In fact, once an influencer gets to over 10k followers, their like rate starts dropping rapidly.
That’s one of the paradoxes of influencer marketing; a small influencer can be just as effective as a big one, depending on the engagement rate.
That’s why, whenever you research influencers this should be one of the most important metrics you check: how engaged is their audience?
How engaged is the influencer? A person can have a million followers, but if no one’s interacting, it really won’t make any difference.
Micro-influencers: the verdict
Micro-influencers can be just as effective as macro-influencers; in fact, I would go so far as to say that they can make even more of an impact when you’re using the right people.
The big difference in approach is that with micro-influencers, you need to use more than one, which can be more time-consuming; that being said, it would still be much cheaper than using a macro-influencer with millions of followers.
For small businesses and entrepreneurs, this can make a huge difference, which makes smaller influencers a much more appropriate option.
How to find relevant micro-influencers for your influencer marketing campaign
As I mentioned earlier, one of the most important factors when researching micro-influencers, or influencers of any size, really, is to check that they get enough engagement.
Their audience size doesn’t really matter if they aren’t actively engaging and interacting with them.
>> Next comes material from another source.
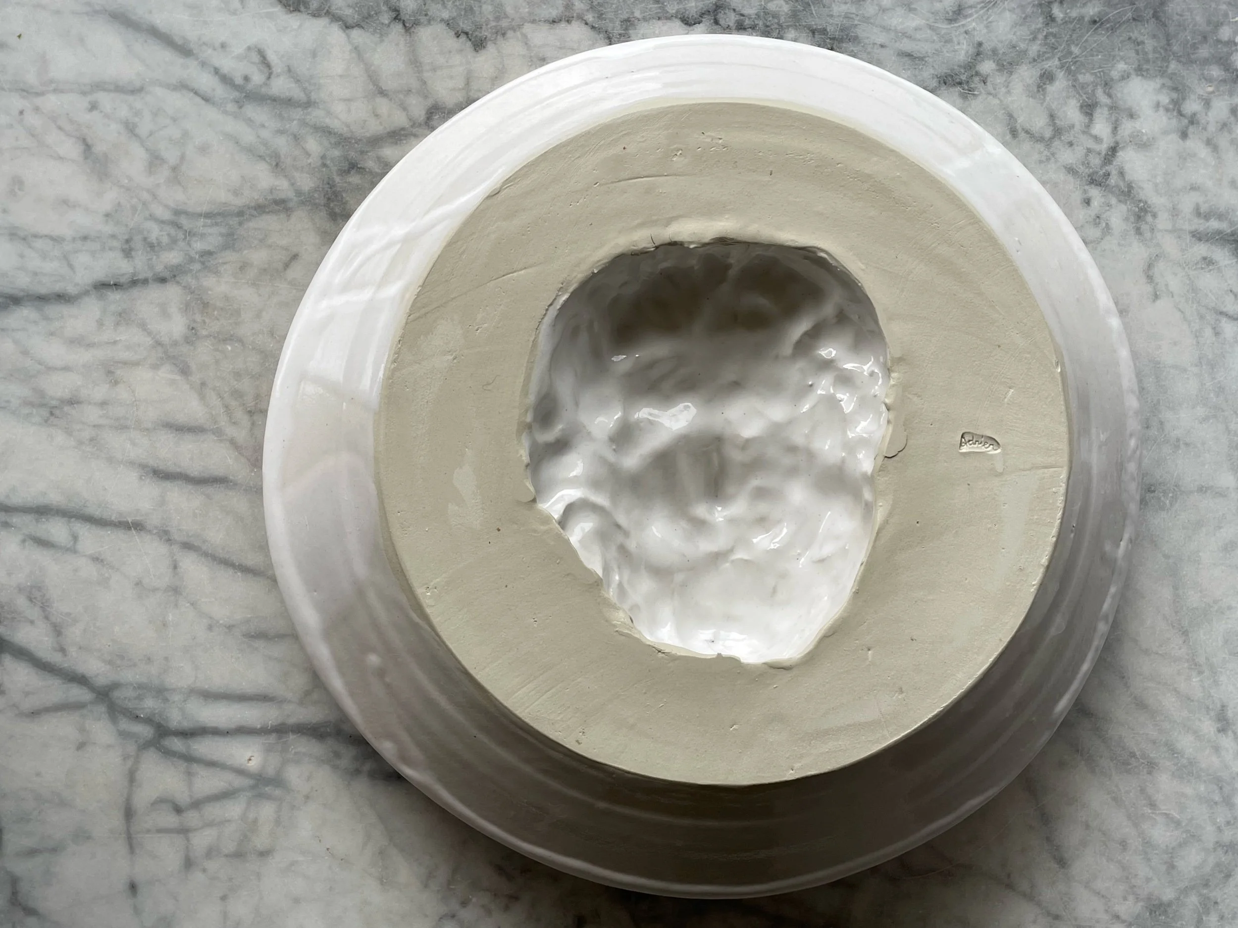 Glazed stoneware. 13.5 inches diameter by 3” deep. Made to hang on the wall or lay flat.

Truth be told, a person doesn’t hold influence just because they have a lot of followers; they hold influence when they can clearly get their audience to take action.
To find appropriate influencers, you can start by looking at your own followers.
Tools like Agorapulse, for example, will analyse your followers to find any users that were retweeted more than 20 times in the past 30 days and will order them in order of their success and the engagement they get.
If you find any influencers already following you, these should be your first stop, as you already have an ‘in’ with them.
Next, to find more appropriate influencers, you can use a tool like Buzzsumo or Ninja Outreach to search for more.
With Ninja Outreach, for example, you can search for both Twitter and Instagram influencers, and filter them by follower count so that you can choose the audience size you want.
Furthermore, you can also check other stats, such as number of shares per post to help you determine whether they are also getting engagement.
If you want to search for other types of influencers, such as journalists, companies and even regular people, you can use a tool like Buzzsumo, where you can filter your results by type of influencer, choose a certain location and you can also sort them by retweet and reply ratio and other useful metrics:
For a small business or entrepreneur, using macro-influencers is most likely completely out of their budget.
Thankfully, though, micro-influencers can be just as effective as a promotional tool. What do you think, who wins in the battle of micro vs. macro influencers?